On Mon, Sep 30, 2013 at 11:47 PM, Michael Widenius <monty@askmonty.org> wrote:
Pavel> Kristian, Pavel> Currently MariaDB (as well as MySQL of all previous versions) has a Pavel> very big problem related to replicating same server_id. There is Pavel> --replicate-same-server-id flag which as I understand (when set to 0) Pavel> controls two things: Pavel> 1) It doesn't allow slave to connect to a master with the same server_id. Pavel> 2) Slave ignores all binlog events in the replication stream that have Pavel> the same server_id as slave. Pavel> And this flag cannot be set to 1 when --log-slave-updates is used. And Pavel> that is a big problem.

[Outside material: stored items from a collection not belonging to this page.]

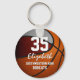 Este chaveiro personalizado de basquete para meninas ou rapazes apresenta a imagem realista de uma bola de basquete que tem dois painéis recoloridos - um marrom e uma cinza - facilmente personalizável com o nome do jogador & número de camisa, além do nome da escola e do nome do mascote - por katz_d_zynes
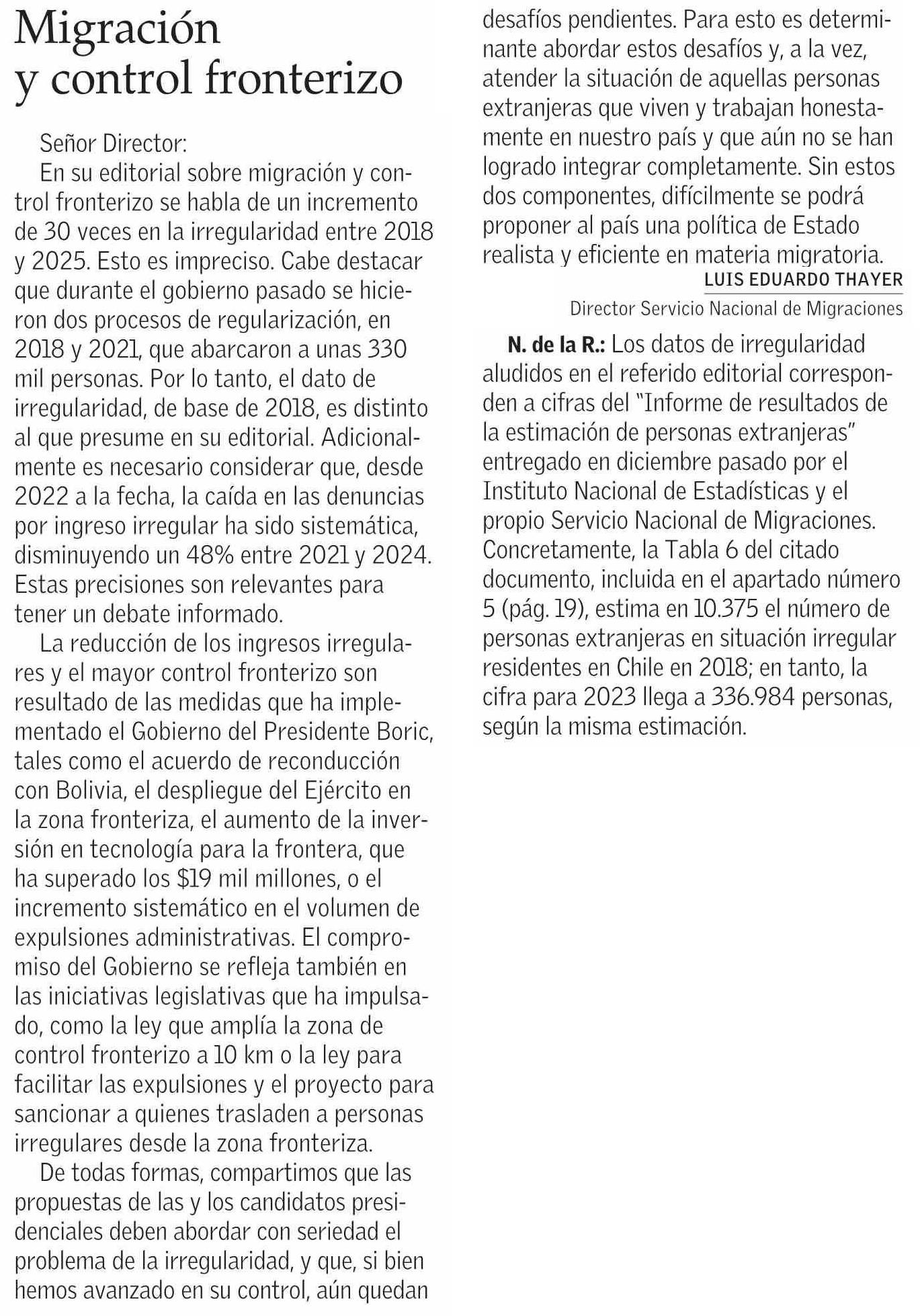CARTAS: Migración y control fronterizo 20-05-2025 El Mercurio |
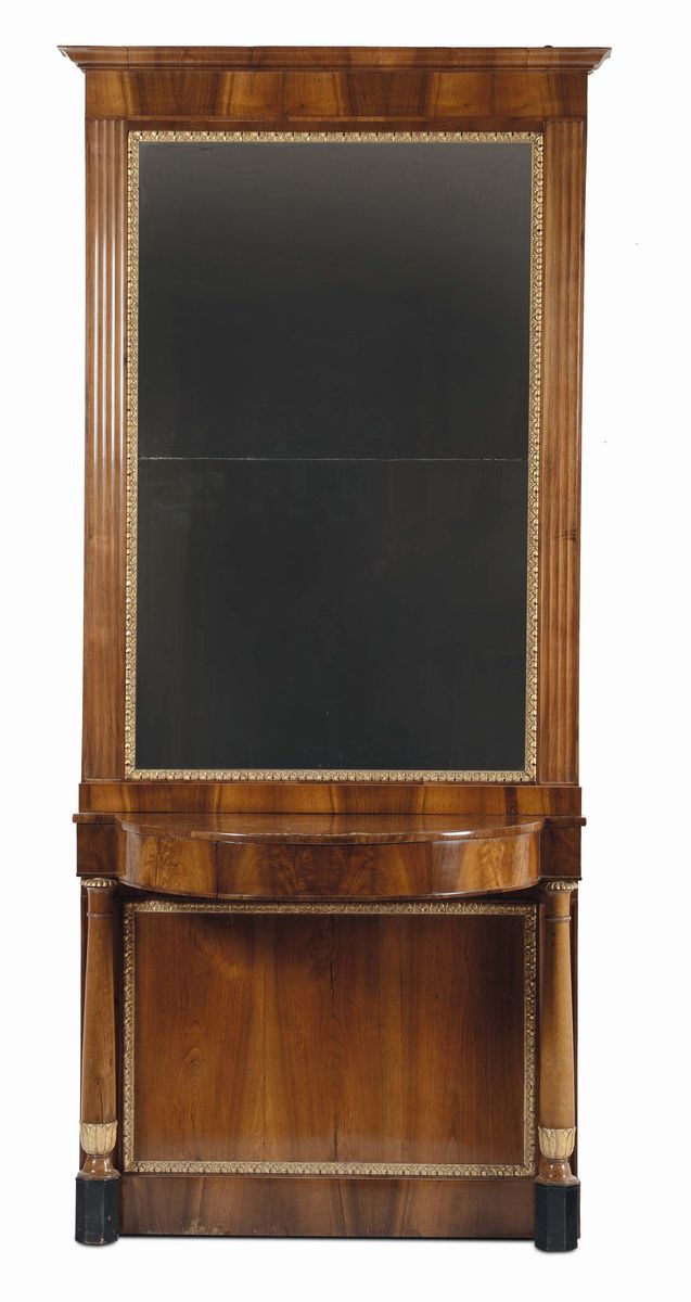 Coppia di consolles con specchiere in radica di noce, Emilia periodo Impero
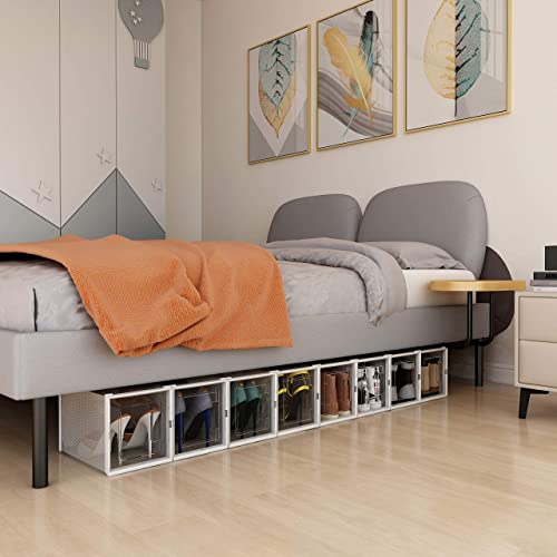 ALEMOK Scatole per scarpe trasparenti, impilabili, confezione da 8 scatole portaoggetti in plastica e pieghevoli, ideali per tacchi alti, stivaletti
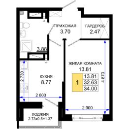 34 м2
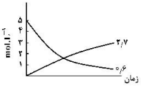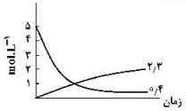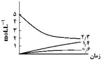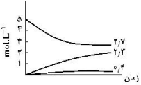 اگر واکنش تعادلی: $2NO(g) \rightleftharpoons {N_2}(g) + {O_2}(g)\,,\,K = 49$، در یک ظرف دو لیتری، با 10 مول $NO(g)$ در شرایط مناسب آغاز شود، کدام نمودار نشاندهندهٔ روند تقریبی تغییر غلظت مواد تا برقرار شدن حالت تعادل است؟
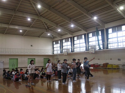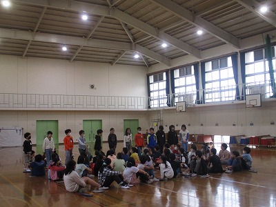 今日は、1年生を迎える会に向けて初めて体育館で練習を行いました。
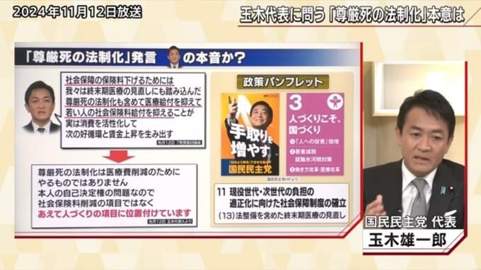 直後に本人がSNSで誤解を解く説明をしているが、選挙期間中に尊厳死の法制化に言及した本音を聞いた。
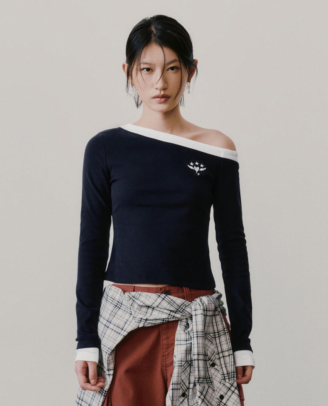 Áo thun nữ tay dài lệch vai phom ôm
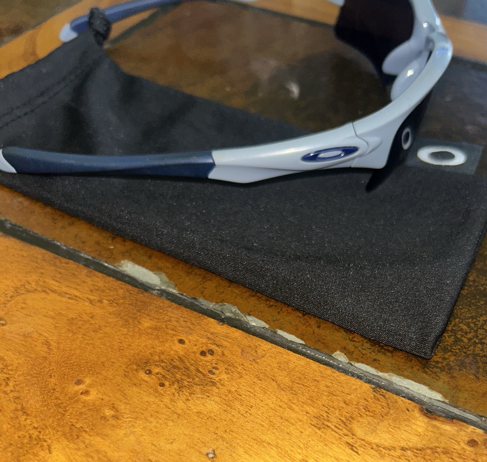 Oakley quarter jacket, gray frame, navy ear, socks and nose pads, black lenses
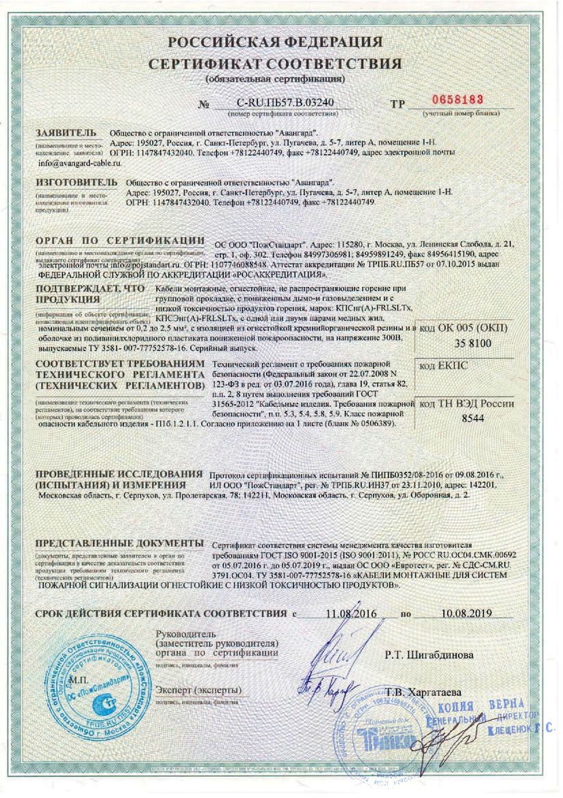 - Огнестойкая кабельная линия (ОКЛ) Гефест10

Pavel> Consider the following scenario: let's say we have two servers S1 Pavel> (master) and S2 (slave). Let's say at some moment in time they are Pavel> completely in sync and you bring down S2 to take cold backup (you can Pavel> even include binlogs in it). Then you bring it back up, S1 is still Pavel> master. Now you execute some transactions, then you do a failover, Pavel> make S2 master and execute some more transactions.
The above is all ok.
Pavel> Then you bring down Pavel> S1, restore it from the backup taken earlier and connect to replicate Pavel> from S2 again.
The above is not ok and has never been supported before in MySQL/MariaDB.
What one should do is to use S2 to setup a new S1 or change server id on S1.
Unfortunately both advices are unacceptable in highly available production environments. - Using S2 to setup a new S1 means we have to bring down database completely for a prolonged period of time which doesn't line up with high availability at all. - Changing server_id for S1 means we have to remember all server ids that ever were a master for the database. When any master failover and server restart is a manual process this could be feasible, but in automated environments this is virtually impossible.
The reason is that you can't logically get the above to work safe with server id's in all scenario's.
An example:
Assume you have a ring-replication or setup between S1 and S2.
I believe the circular replication is ill-advised and it's impossible to build any sane production system based on it (and I would be glad to hear about any examples to the contrary). So I would love to see some flag that disables any possibility of circular replication along with removing any features that exist only to facilitate such configuration...
If you now restore S1 to an older state, you can't know which of the events S1 you get from S2 have already been applied.
Here is an example:
A) S1 sends one event S1.1 to S2 B) backup C) S1 sends one event, S1.2 to S2 D) S2 sends events S2.1, S1.1 and S1.2 to S1
If you restore S1 to state B and start replication, data from D) will be sent to S1, but based on servid it's not possible to know that S1.1 has to be skipped and S1.2 to be executed.
With GTID we can do things better.
Are you suggesting that currently if slaves always connect to master using GTID something can be implemented that will allow to re-play binlog events with the same server id without turning on --replicate-same-server-id flag?
knielsen> Maybe in GTID strict mode we could make it an error if we are about to skip an knielsen> event with our own server_id that has a higher seq_no than what we have in our knielsen> binlog. Then we at least get safe behaviour in strict mode in non-ring knielsen> topologies.
Wouldn't it be safe to just give a warning that we have found already applied events and then skip them?
Thank you, Pavel